Work order. Every line in the data below has to be repeated exactly; no picture belongs in the result.
-=-=-
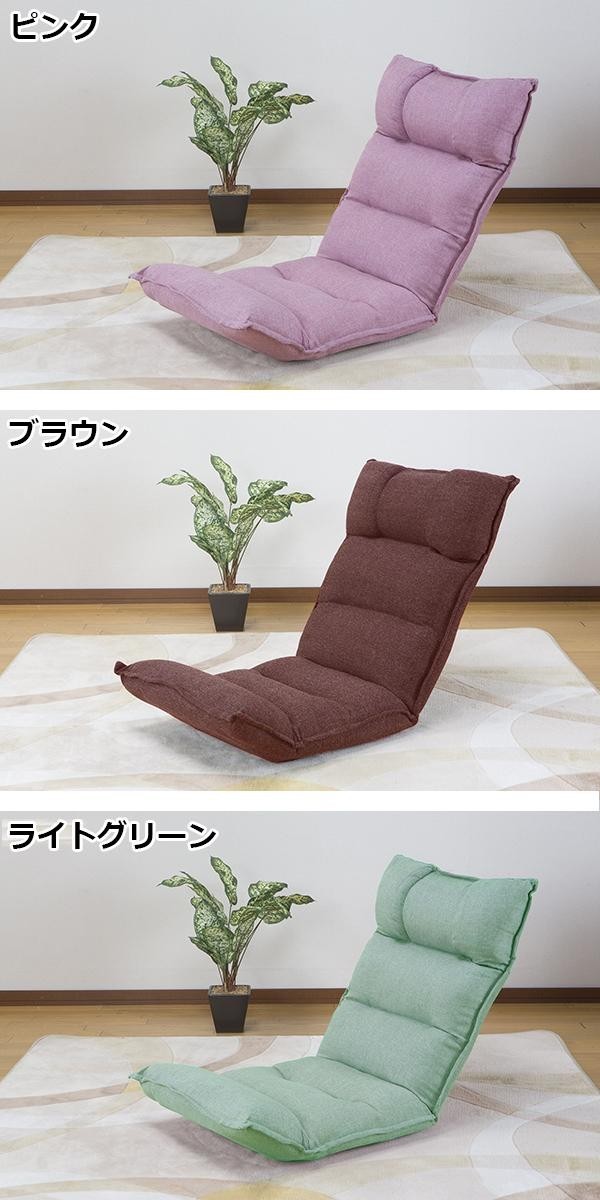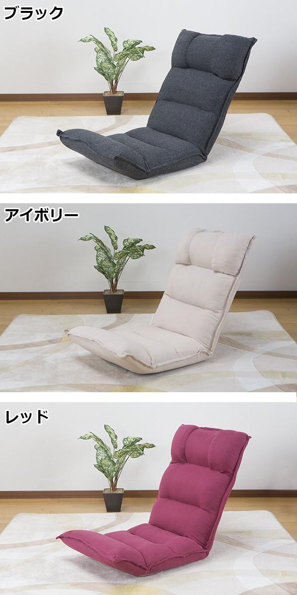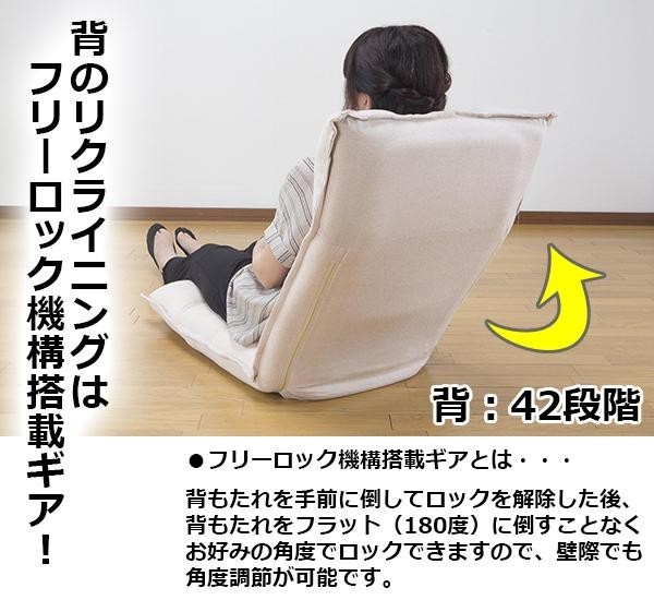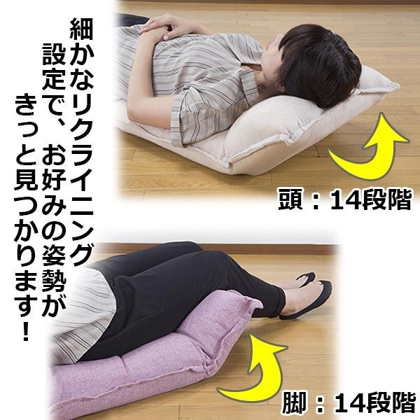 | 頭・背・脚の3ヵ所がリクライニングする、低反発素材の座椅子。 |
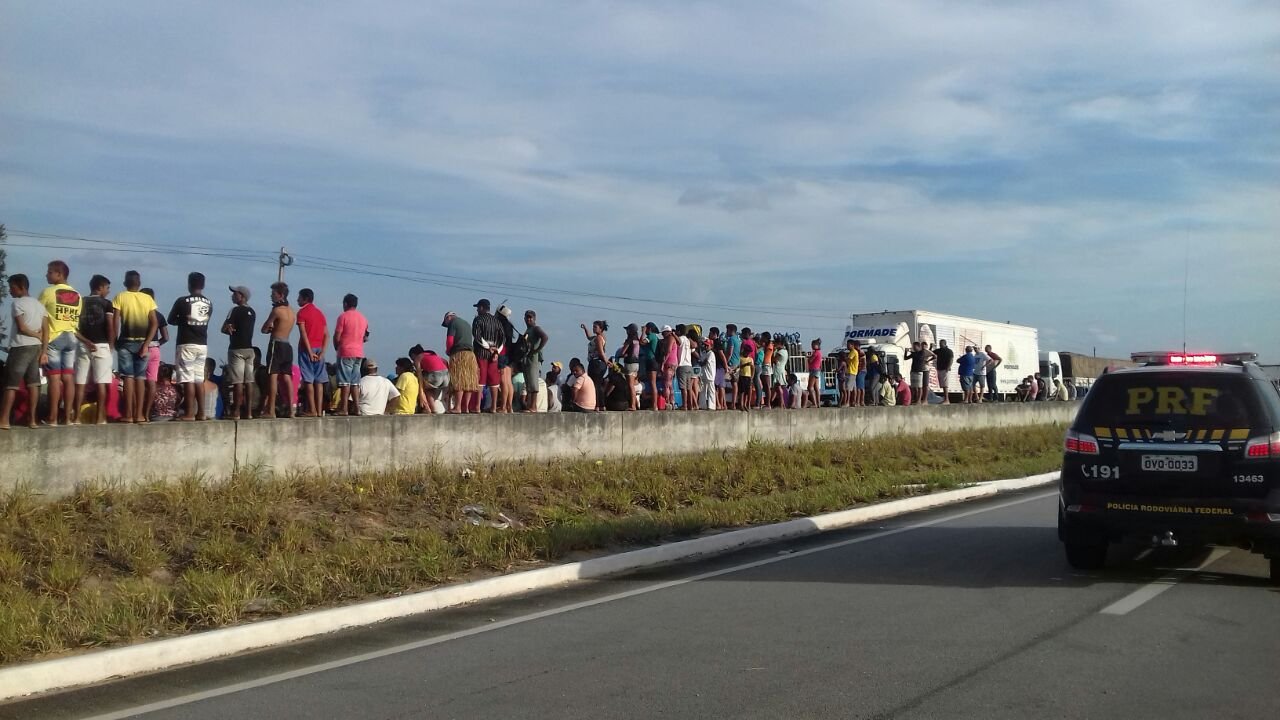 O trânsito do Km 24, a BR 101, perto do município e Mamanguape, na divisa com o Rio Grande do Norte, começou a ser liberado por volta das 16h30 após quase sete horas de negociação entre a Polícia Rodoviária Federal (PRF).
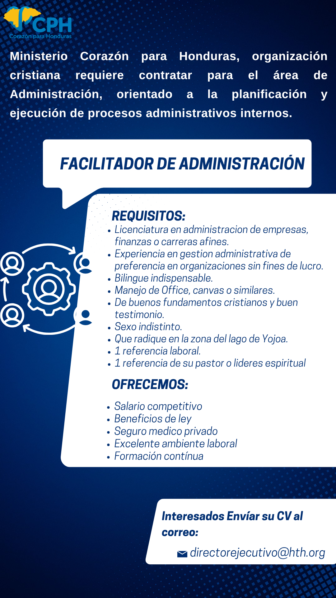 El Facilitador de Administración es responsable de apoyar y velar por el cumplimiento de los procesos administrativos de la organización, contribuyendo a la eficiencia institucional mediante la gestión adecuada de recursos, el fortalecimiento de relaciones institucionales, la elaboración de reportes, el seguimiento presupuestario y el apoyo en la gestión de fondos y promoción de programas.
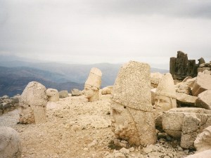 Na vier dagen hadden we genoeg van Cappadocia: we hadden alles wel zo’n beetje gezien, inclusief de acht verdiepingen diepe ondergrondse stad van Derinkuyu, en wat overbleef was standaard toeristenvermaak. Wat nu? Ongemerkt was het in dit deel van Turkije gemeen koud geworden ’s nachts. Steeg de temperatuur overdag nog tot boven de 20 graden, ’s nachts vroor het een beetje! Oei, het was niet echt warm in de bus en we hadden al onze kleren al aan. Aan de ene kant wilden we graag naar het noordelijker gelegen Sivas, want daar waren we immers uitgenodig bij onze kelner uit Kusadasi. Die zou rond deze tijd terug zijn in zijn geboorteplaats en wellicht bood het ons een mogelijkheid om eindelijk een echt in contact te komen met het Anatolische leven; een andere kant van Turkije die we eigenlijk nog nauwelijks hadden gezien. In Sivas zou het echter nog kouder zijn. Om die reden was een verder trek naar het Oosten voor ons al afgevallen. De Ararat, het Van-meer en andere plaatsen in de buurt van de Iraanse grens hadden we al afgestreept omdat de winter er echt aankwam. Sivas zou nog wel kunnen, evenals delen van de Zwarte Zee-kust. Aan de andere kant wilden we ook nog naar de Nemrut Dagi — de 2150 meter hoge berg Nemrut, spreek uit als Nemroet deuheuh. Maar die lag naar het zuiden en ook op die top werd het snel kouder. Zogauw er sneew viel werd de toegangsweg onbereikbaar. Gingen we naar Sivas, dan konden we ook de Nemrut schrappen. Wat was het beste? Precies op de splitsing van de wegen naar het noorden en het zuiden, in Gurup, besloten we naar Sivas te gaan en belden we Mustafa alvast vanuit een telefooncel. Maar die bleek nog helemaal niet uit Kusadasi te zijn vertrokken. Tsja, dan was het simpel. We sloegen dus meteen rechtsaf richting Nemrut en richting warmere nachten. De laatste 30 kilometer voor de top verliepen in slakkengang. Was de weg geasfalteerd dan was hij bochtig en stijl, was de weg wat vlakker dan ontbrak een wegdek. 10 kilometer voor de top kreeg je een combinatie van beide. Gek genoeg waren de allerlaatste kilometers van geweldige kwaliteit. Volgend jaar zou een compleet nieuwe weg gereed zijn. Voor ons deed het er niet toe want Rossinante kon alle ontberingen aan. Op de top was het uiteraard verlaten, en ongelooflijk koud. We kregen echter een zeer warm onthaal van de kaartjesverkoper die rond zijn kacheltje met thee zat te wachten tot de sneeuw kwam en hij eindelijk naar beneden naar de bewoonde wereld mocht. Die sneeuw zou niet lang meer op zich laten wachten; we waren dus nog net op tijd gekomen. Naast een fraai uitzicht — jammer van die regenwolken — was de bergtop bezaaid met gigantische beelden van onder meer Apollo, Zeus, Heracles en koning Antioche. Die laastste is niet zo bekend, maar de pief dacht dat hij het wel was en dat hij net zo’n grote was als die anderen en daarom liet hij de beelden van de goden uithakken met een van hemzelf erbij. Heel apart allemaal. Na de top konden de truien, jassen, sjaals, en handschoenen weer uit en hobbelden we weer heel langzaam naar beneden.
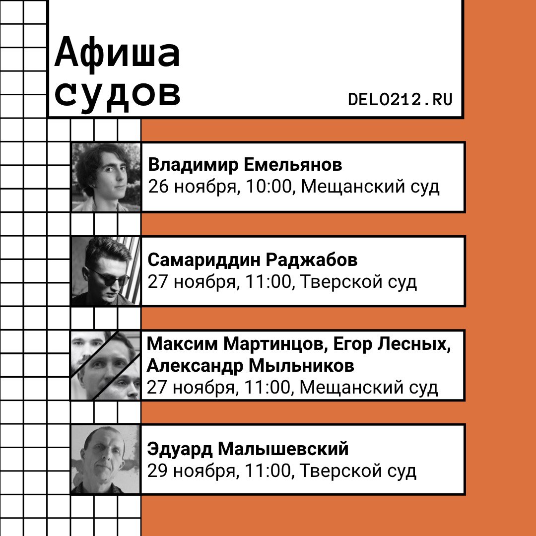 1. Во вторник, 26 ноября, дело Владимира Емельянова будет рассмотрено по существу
-=-=-
Solution to the exercise.
 | 頭・背・脚の3ヵ所がリクライニングする、低反発素材の座椅子。 |
 O trânsito do Km 24, a BR 101, perto do município e Mamanguape, na divisa com o Rio Grande do Norte, começou a ser liberado por volta das 16h30 após quase sete horas de negociação entre a Polícia Rodoviária Federal (PRF).
 El Facilitador de Administración es responsable de apoyar y velar por el cumplimiento de los procesos administrativos de la organización, contribuyendo a la eficiencia institucional mediante la gestión adecuada de recursos, el fortalecimiento de relaciones institucionales, la elaboración de reportes, el seguimiento presupuestario y el apoyo en la gestión de fondos y promoción de programas.
 Na vier dagen hadden we genoeg van Cappadocia: we hadden alles wel zo’n beetje gezien, inclusief de acht verdiepingen diepe ondergrondse stad van Derinkuyu, en wat overbleef was standaard toeristenvermaak. Wat nu? Ongemerkt was het in dit deel van Turkije gemeen koud geworden ’s nachts. Steeg de temperatuur overdag nog tot boven de 20 graden, ’s nachts vroor het een beetje! Oei, het was niet echt warm in de bus en we hadden al onze kleren al aan. Aan de ene kant wilden we graag naar het noordelijker gelegen Sivas, want daar waren we immers uitgenodig bij onze kelner uit Kusadasi. Die zou rond deze tijd terug zijn in zijn geboorteplaats en wellicht bood het ons een mogelijkheid om eindelijk een echt in contact te komen met het Anatolische leven; een andere kant van Turkije die we eigenlijk nog nauwelijks hadden gezien. In Sivas zou het echter nog kouder zijn. Om die reden was een verder trek naar het Oosten voor ons al afgevallen. De Ararat, het Van-meer en andere plaatsen in de buurt van de Iraanse grens hadden we al afgestreept omdat de winter er echt aankwam. Sivas zou nog wel kunnen, evenals delen van de Zwarte Zee-kust. Aan de andere kant wilden we ook nog naar de Nemrut Dagi — de 2150 meter hoge berg Nemrut, spreek uit als Nemroet deuheuh. Maar die lag naar het zuiden en ook op die top werd het snel kouder. Zogauw er sneew viel werd de toegangsweg onbereikbaar. Gingen we naar Sivas, dan konden we ook de Nemrut schrappen. Wat was het beste? Precies op de splitsing van de wegen naar het noorden en het zuiden, in Gurup, besloten we naar Sivas te gaan en belden we Mustafa alvast vanuit een telefooncel. Maar die bleek nog helemaal niet uit Kusadasi te zijn vertrokken. Tsja, dan was het simpel. We sloegen dus meteen rechtsaf richting Nemrut en richting warmere nachten. De laatste 30 kilometer voor de top verliepen in slakkengang. Was de weg geasfalteerd dan was hij bochtig en stijl, was de weg wat vlakker dan ontbrak een wegdek. 10 kilometer voor de top kreeg je een combinatie van beide. Gek genoeg waren de allerlaatste kilometers van geweldige kwaliteit. Volgend jaar zou een compleet nieuwe weg gereed zijn. Voor ons deed het er niet toe want Rossinante kon alle ontberingen aan. Op de top was het uiteraard verlaten, en ongelooflijk koud. We kregen echter een zeer warm onthaal van de kaartjesverkoper die rond zijn kacheltje met thee zat te wachten tot de sneeuw kwam en hij eindelijk naar beneden naar de bewoonde wereld mocht. Die sneeuw zou niet lang meer op zich laten wachten; we waren dus nog net op tijd gekomen. Naast een fraai uitzicht — jammer van die regenwolken — was de bergtop bezaaid met gigantische beelden van onder meer Apollo, Zeus, Heracles en koning Antioche. Die laastste is niet zo bekend, maar de pief dacht dat hij het wel was en dat hij net zo’n grote was als die anderen en daarom liet hij de beelden van de goden uithakken met een van hemzelf erbij. Heel apart allemaal. Na de top konden de truien, jassen, sjaals, en handschoenen weer uit en hobbelden we weer heel langzaam naar beneden.
 1. Во вторник, 26 ноября, дело Владимира Емельянова будет рассмотрено по существу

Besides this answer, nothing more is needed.